"Zginął znany wszystkim youtuber Sylwester Wardęga". Fałszywa informacja sposobem na wyłudzenie pieniędzy przez scamerów
- Z przykrością informujemy, iż dnia 29 listopada o godzinie 23:18 zginął znany wszystkim youtuber Sylwester Adam Wardęga - czytamy na jednej ze stron internetowych. Informacja jest nieprawdziwa, a jej autorami są tzw. scamerzy.
2014-11-30, 23:02
Scamerzy to osoby, które próbują w sieci wyłudzić informacje od internautów. W tym celu tworzą nieprawdziwe wiadomości, a warunkiem ich odczytania jest podanie np. numeru telefonu komórkowego. Jeśli internauta poda swój numer zazwyczaj otrzymuje kod, który "musi" wysłać sms-em. Wysłanie wiadomości tekstowej wiąże się z kosztami. Użytkownik traci pieniądze, a później dowiaduje się, że dana wiadomość jest fałszywa.
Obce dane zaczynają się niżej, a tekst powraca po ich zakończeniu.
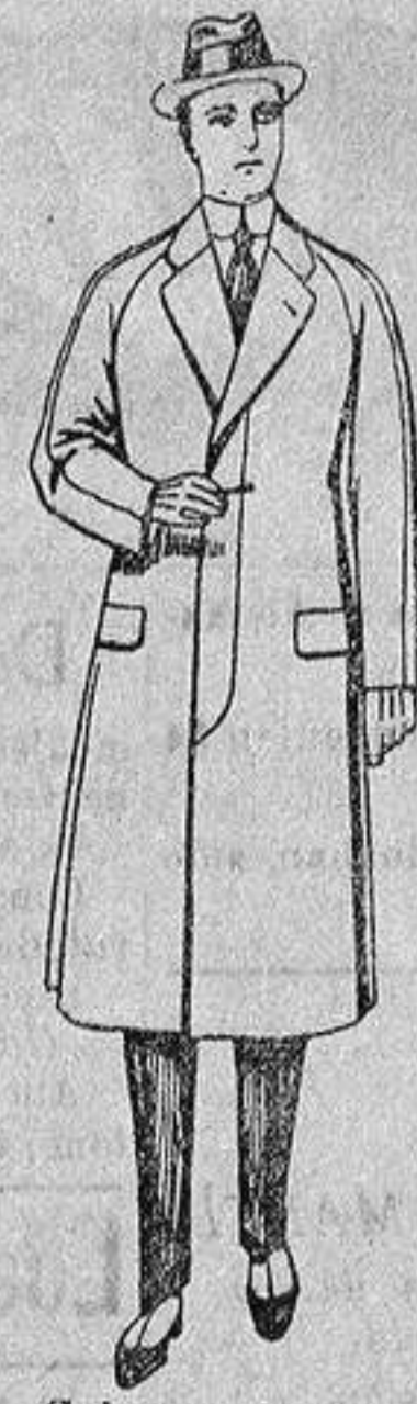
Gabanes de patén, melton o cheviot, con forro de seda, satén o escocés, de ptas. 50 a 100.

Madrid, Barcelona, Alicante, Almería, Bilbao, Cádiz, Cartagena, Gijón, Granada, Málaga, Palma de Mallorca, Santander, Sevilla, Valencia, Valladolid y Zaragoza.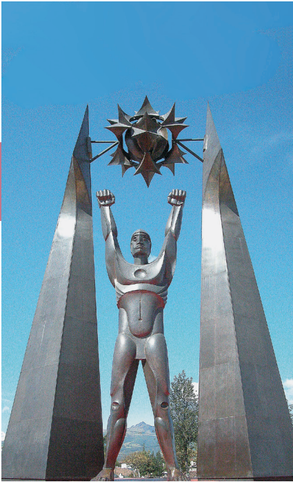
Monument bij Sangolquí van de Incageneraal Ruminahui, die Quito liever in as voor de Spanjaarden achterliet dan dat hij zich overgaf.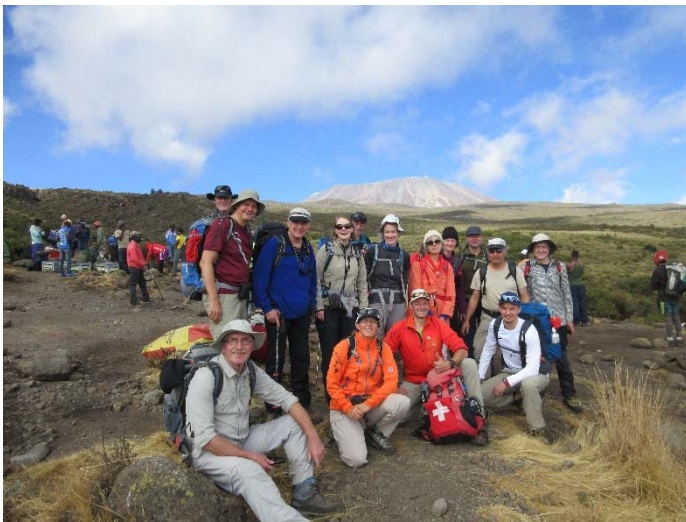
Auf 3600 m.ü.M. während des Aufstiegs, im Hintergrund der Kilimanjaro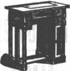
Vočletna garancija! Post v vosezju brezplačno!

„GRITZNER“ „ADLER“ in kolesa, najboljši material, precizna konstrukcija, krasna oprava ter najnižja cena so samo pri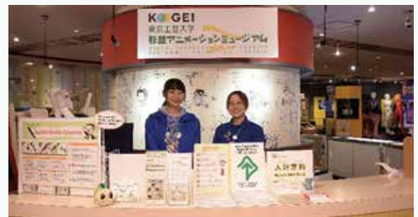
杉並アニメーションミュージアム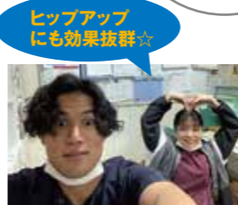
ヒップアップにも効果抜群☆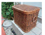
本市でモデル事業を行ったときの排出例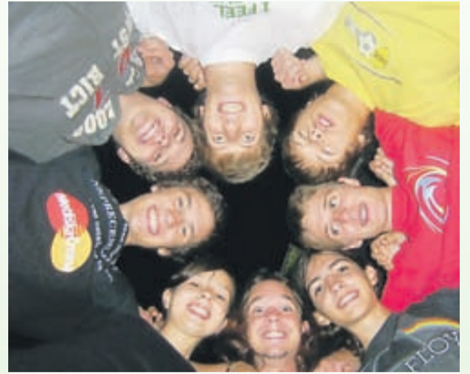
Sproščenost, mednarodne ekskurzije in izmenjave so sinonim Gimnazije Škofja Loka.

Gimnazija ponuja bogat program obveznih in izbirnih vsebin, pa tudi obisk kvalitetnih gledaliških predstav, razstav in koncertov. Vse našete vsebine so združene v programih splošne gimnazije , pri katerih lahko dijaki izbirajo med učenjem francoskega, nemškega in v okviru evropskega oddelka tudi ruskega jezika, in v programu klasične gimnazije , kjer lahko di-

Podobnie było w przypadku "śmierci youtubera".
Fałszywa informacja o tragicznym wypadku Wardęgi pojawiła się na stronie wawa-info.pl. - Do śmierci mężczyzny doszło w centrum Warszawy podczas nagrywania swojego nowego filmu na Youtube. Ekspertom na początku ciężko było określić przyczynę śmierci lecz wszystko się wyjaśniło po przejrzeniu kamery Youtubera. Sylwester nagrywał filmy, które rozchodziły się na cały świat. Tym razem przesadził co doprowadziło do jego tragicznej śmierci - czytamy w artykule.
Nad tekstem widniej czarno-białe zdjęcie youtubera. Natomiast bezpośrednio pod wpisem znajdują fałszywe komentarze dodane po to, aby uwiarygodnić informację. Autorzy piszą, że posiadają film, który potwierdza śmierć Sylwestra Wardęgi. Aby go otworzyć trzeba podać swój numer telefonu. Na to właśnie liczą scamerzy.
O tym, że informacja jest fałszywa możemy dowiedzieć się z napisu, który znajduje się na dole witryny: "Strona ma charakter rozrywkowy, informacje podane w serwisie niekoniecznie są prawdziwe". Wardęga nie jest jedyną osobą, którą w ostatnim czasie, w podobny sposób próbowano uśmiercić. Kilka tygodni temu scamerzy stworzyli stronę na której opublikowali artykuł o rzekomym wypadku piosenkarza Dawida Kwiatkowskiego.